WORK INSTRUCTIONS =>
Copy exactly the lines starting at the one that contains "Шар (40''/102 см)" and running through the end of the material below. Exclude any pictures.

DATA EXCERPT =>
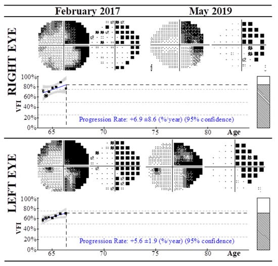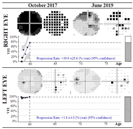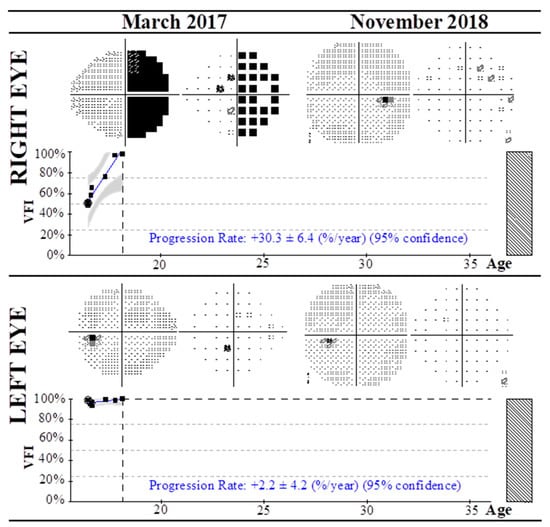 Specifically, VFI evolution of the RAO01 case (patient diagnosed with CRAO) from October 2017 to June 2019 is summarized in Figure 3. In 2017 the patient presented a VFI of 98% in the non-affected left eye, while this index reached 0% in the affected right eye without any sign of vision. The patient was then treated with CoQ10 and vitamin supplementation, and after nine months of follow-up the patient experienced pronounced improvement of VFI to 75% in the right eye (see Table 4). The VFI progression rates per year reached +39.9 ± 25.6 and +1.8 ± 4.0 in the right and left eyes, respectively.
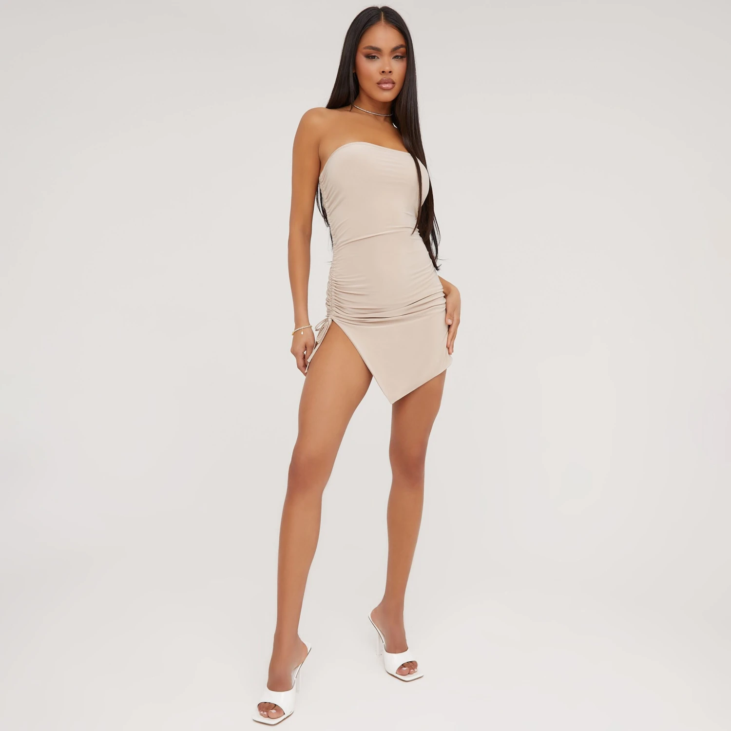 EGO Bandeau Ruched Side Detail Asymmetric Mini Dress In Stone
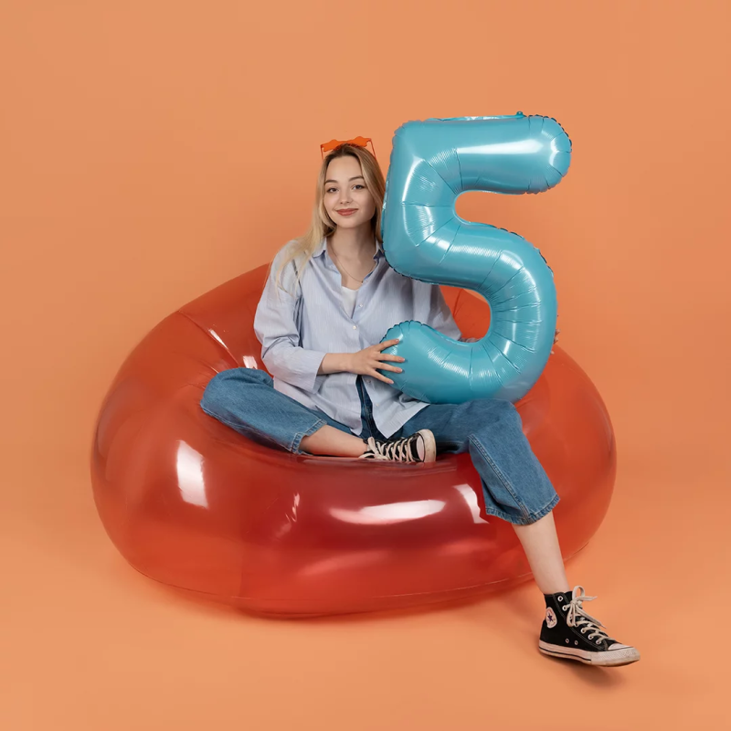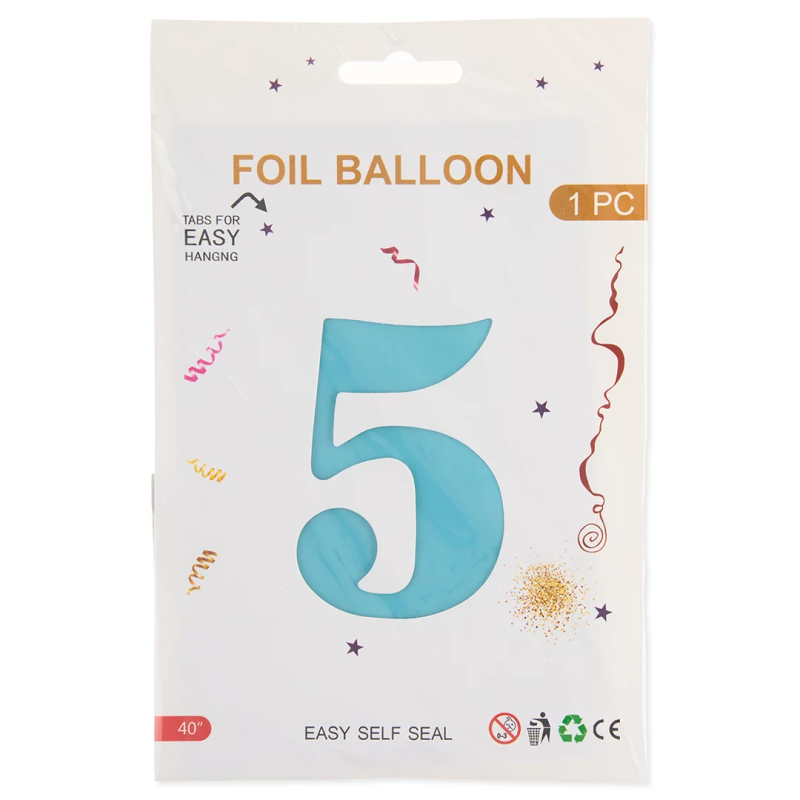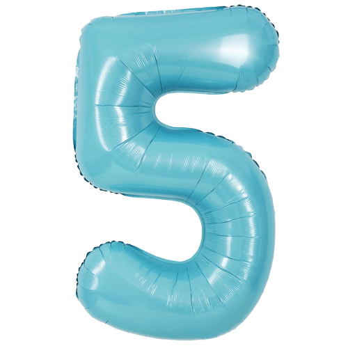 Шар (40''/102 см) Цифра, 5, Голубой, Матовый, 1 шт. в уп., 24115
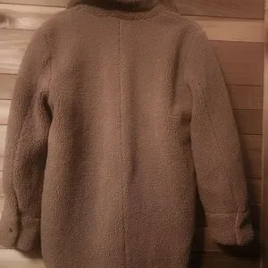 Chic utility jacket with faux fur hood. Ideal for cold weather. Features drawstring waist and front pockets.

EXERCISE RESPONSE =>
 Шар (40''/102 см) Цифра, 5, Голубой, Матовый, 1 шт. в уп., 24115
 Chic utility jacket with faux fur hood. Ideal for cold weather. Features drawstring waist and front pockets.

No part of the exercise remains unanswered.